Data Stream
Project description
🚀 Data Proxy Service (data-stream)
A Python-based tool that allows you to stream data from a remote server to your local compute resources. This service is particularly useful when you need to train models on large datasets stored on a remote server but don't have sufficient storage on your local compute node.

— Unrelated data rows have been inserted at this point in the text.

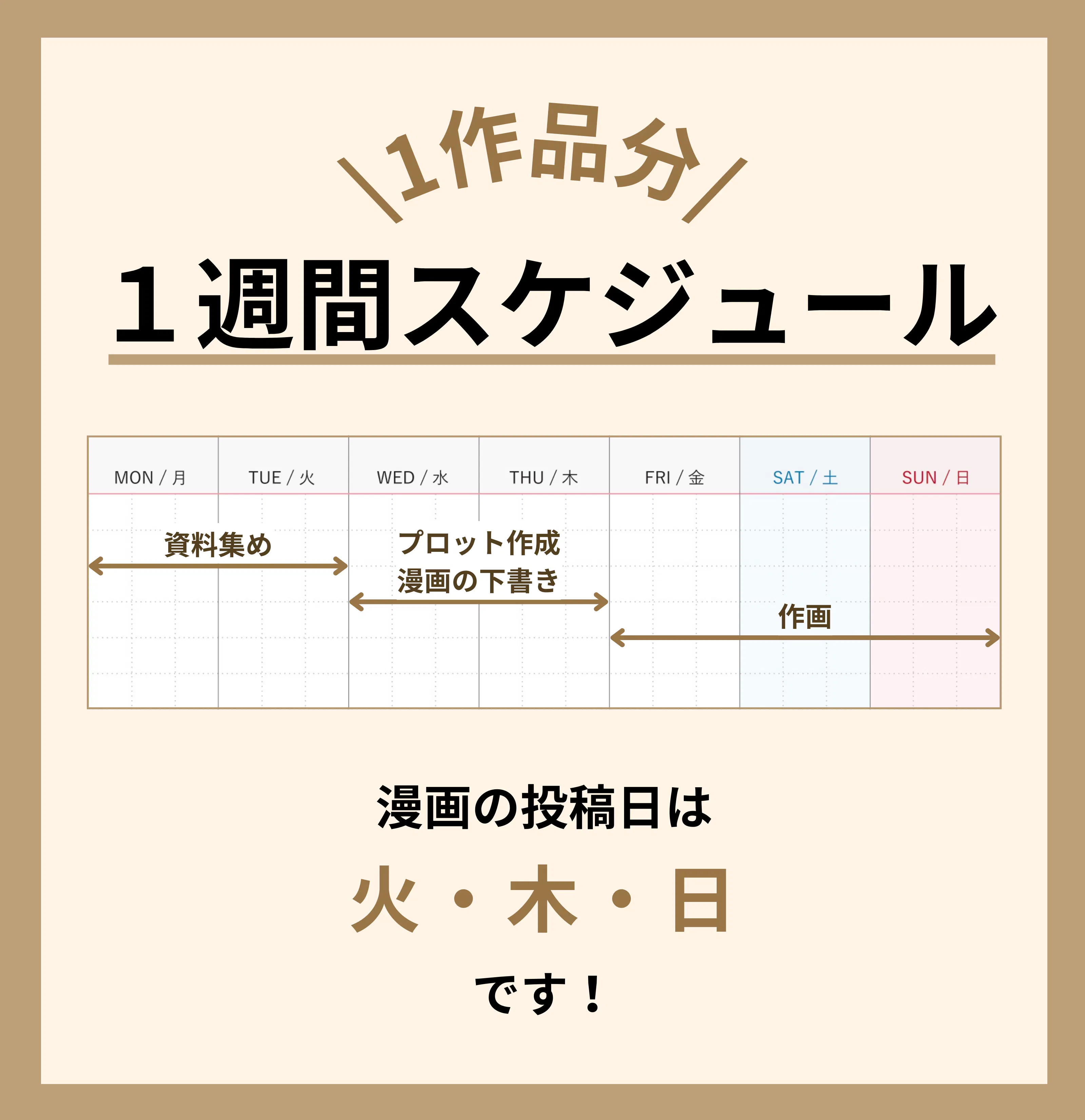 シンプルですがこれしかありません。実際にコミックエッセイ化した経験を通じてチームでsnsでの宣戦略等を考えたうえ、プロの編集者にも相談しながらプロットを練っています。着実にカタチにする為にも皆さんのご支援を頂ければと思います。作者の一週間のスケジュールは以下のとおりです↓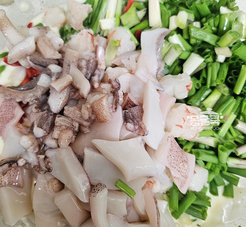 오징어는 손질 후 적당한 크기로 썰고, 새우도 먹기 좋게 잘라주세요.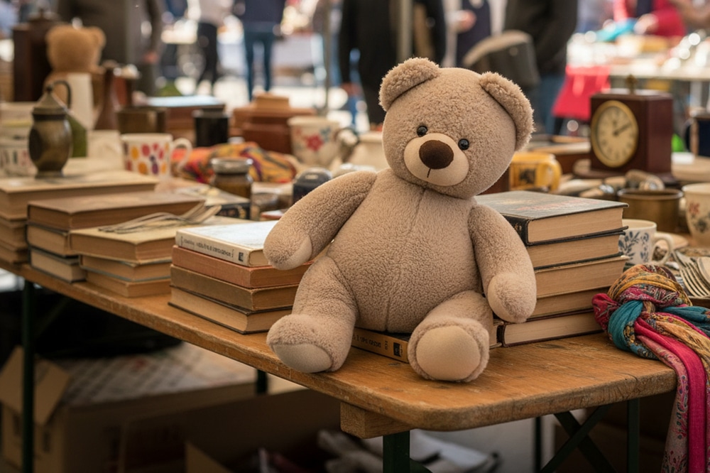Together, husband and wife approached the elderly man’s table and gently set the teddy bear down in front of him. The vendor looked at it, then at them, his eyes kind but watchful.

This repository is a wrapper around the sshtunnel library and uses fastapi to create a simple HTTP server to stream the data.
✨ Features
- 🔒 Stream data securely from a remote server using SSH tunneling
- 📝 Support for SSH config aliases and direct SSH parameters
- ⚡ FastAPI-powered HTTP endpoint for data access
- 🤖 Automatic management of remote Python HTTP server
- 🏥 Health check endpoint for monitoring
- 🔑 Support for both SSH key and password authentication
- ⚙️ Configurable ports for local and remote connections
- 🛑 Graceful shutdown handling
📦 Installation
Install the package using pip:
pip install data-stream
Alternatively, Clone this repository:
git clone https://github.com/yourusername/data-proxy-service.git
cd data-proxy-service
pip install -e .
🔧 Usage: Command-line Interface
To start the Data Proxy Service, use one of the following methods:
1. Using SSH Config Alias 📋
If you have an SSH config file (~/.ssh/config
) with your server details:
data-stream --ssh-host-alias myserver --data-path /path/to/remote/data
Here is an example of an SSH config file:
Host myserver
HostName example.com
User mouloud
IdentityFile ~/.ssh/id_rsa
2. Using Direct SSH Parameters 🔑
data-stream \
--ssh-host example.com \
--ssh-username myusername \
--ssh-key-path ~/.ssh/id_rsa \
--data-path /path/to/remote/data
Optional Parameters ⚙️
--local-port
: Local port for SSH tunnel (default: 8000)--remote-port
: Remote port for HTTP server (default: 8001)--fastapi-port
: FastAPI server port (default: 5001)--ssh-password
: SSH password (if not using key-based authentication)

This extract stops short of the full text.